Sometimes You Just Want a Hamburger. - The days when I am really sick of myself, I just want a hamburger. This is how I can tell exactly how sick of myself I am- by how badly I want to sit down...
Tuesday, January 31, 2012
A decade of Anna
"Anna" is another word for "life-changer." At least that's been my experience. I can still remember the shirt I was wearing to the hospital, ten years ago today, when Robin had her. I've written here before about her hearing my voice. If you'll indulge me to quote myself, it serves as an introduction, the first time I met Anna:
"When our daughter Anna was born, her left arm was a little slow to get moving. The doctors weren't overly concerned--this can happen to a C-Section born baby--but they noted it, and I went with them as they rolled her down the hospital hallway into a room to check her vitals and her arm. She didn't care for being prodded and was screaming (those who know her can attest to her lung capacity) over the doctors and nurses, until I talked to calm her. When I spoke she fell immediately quiet and moved her head and unfocusing eyes toward my voice. She stayed quiet while I spoke and the nurse commented that she knew and responded to my voice (read to your babies in bellies). Homegirl (Anna, not the nurse) had the keys to the car from there. I knew from that second, and holding her looking out our hospital room window that night as she slept that there was nothing cooler than being a dad. I've thought so countless times since."
All the moments and milestones since and my mind hangs on that moment the longest. A decade moment. A lifetime moment.

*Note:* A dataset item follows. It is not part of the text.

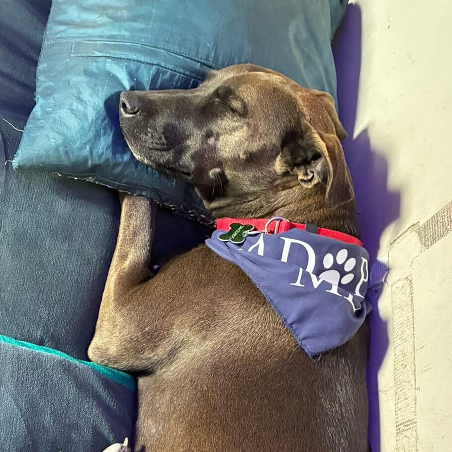 She was dumped at a gas station but doesn’t let that abandonment affect her ability to form bonds with people and other dogs.
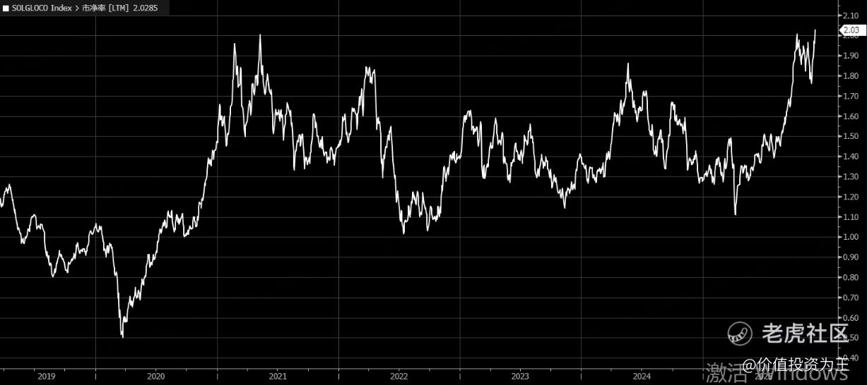 另外,从估值上看,Solactive全球铜矿指数的市净率达到了2倍,位于近10年来高位:

I have said before that I have enjoyed every year of our girls' lives more than the previous year, just watching them grow and learn and seeing who they become. That's true still. But your child hitting double digits gives you pause. Fuck "gives" you, it MAKES you pause.
My life over the last decade has been co-defined. Many of my greatest moments are moments Anna made--things she said or did or thought or spoke.
I have cried more, been more emotional over the last decade. Many of the tears are the good kind, but that depth of experience, of experience shared with a soul/person in your care, growing and changing and looking to me/us for opinion, answers, solace, laughter. Perhaps I neglected to read the "free tear duct fill-up with birth of baby" sign.
Over the last decade, I have watched more kids movies than I ever thought possible. I have learned the names of toys and books and TV characters because, well, that's how I roll.
Over the last decade, I have seen myself, outside myself. Anna is a morning person, like me (Ava prefers sleep, like Robin). Anna and I share some of the same hang-ups, same tendencies, same inclinations. I'm not sure what to say about recognizing yourself in another, but it is an experience without parallel.
Over the last decade, I have gained a respect, admiration and sense of wonder about my father, my parents, and how the hell they raised and dealt with us (me, really, my sister was much easier) and seemed to always be in control. We, as parents, certainly do not.
I think it's fair to call the last ten years, the decade of Anna in our house and our lives. Over that time, she has given me a new identity, a new responsibility, a new perspective and a new name: Dad. I think it is my favorite of my names.
Happy 10th birthday, Anna! Can't wait to see where you/we go next.